● **Problem details**
Set the data down again, word for word, as it appears below.

● **Saved entries**

--- START ---

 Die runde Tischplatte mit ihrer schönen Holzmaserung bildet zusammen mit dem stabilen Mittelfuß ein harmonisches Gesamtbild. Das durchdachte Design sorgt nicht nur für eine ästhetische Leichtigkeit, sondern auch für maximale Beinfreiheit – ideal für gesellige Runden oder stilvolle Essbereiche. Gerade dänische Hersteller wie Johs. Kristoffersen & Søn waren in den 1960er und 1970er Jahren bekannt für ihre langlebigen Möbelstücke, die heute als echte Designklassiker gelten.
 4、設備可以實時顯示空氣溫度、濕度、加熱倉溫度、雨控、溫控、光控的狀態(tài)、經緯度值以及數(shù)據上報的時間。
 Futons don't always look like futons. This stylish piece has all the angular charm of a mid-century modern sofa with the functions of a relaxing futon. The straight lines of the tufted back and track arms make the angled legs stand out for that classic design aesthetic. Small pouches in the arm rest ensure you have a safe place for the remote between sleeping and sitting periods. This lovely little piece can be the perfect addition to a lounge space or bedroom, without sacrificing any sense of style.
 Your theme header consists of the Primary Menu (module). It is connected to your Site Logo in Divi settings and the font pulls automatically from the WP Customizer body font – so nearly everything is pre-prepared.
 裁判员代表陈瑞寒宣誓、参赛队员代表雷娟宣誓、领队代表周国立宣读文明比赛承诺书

--- END ---

● **Solution to this task**
 Die runde Tischplatte mit ihrer schönen Holzmaserung bildet zusammen mit dem stabilen Mittelfuß ein harmonisches Gesamtbild. Das durchdachte Design sorgt nicht nur für eine ästhetische Leichtigkeit, sondern auch für maximale Beinfreiheit – ideal für gesellige Runden oder stilvolle Essbereiche. Gerade dänische Hersteller wie Johs. Kristoffersen & Søn waren in den 1960er und 1970er Jahren bekannt für ihre langlebigen Möbelstücke, die heute als echte Designklassiker gelten.
 4、設備可以實時顯示空氣溫度、濕度、加熱倉溫度、雨控、溫控、光控的狀態(tài)、經緯度值以及數(shù)據上報的時間。
 Futons don't always look like futons. This stylish piece has all the angular charm of a mid-century modern sofa with the functions of a relaxing futon. The straight lines of the tufted back and track arms make the angled legs stand out for that classic design aesthetic. Small pouches in the arm rest ensure you have a safe place for the remote between sleeping and sitting periods. This lovely little piece can be the perfect addition to a lounge space or bedroom, without sacrificing any sense of style.
 Your theme header consists of the Primary Menu (module). It is connected to your Site Logo in Divi settings and the font pulls automatically from the WP Customizer body font – so nearly everything is pre-prepared.
 裁判员代表陈瑞寒宣誓、参赛队员代表雷娟宣誓、领队代表周国立宣读文明比赛承诺书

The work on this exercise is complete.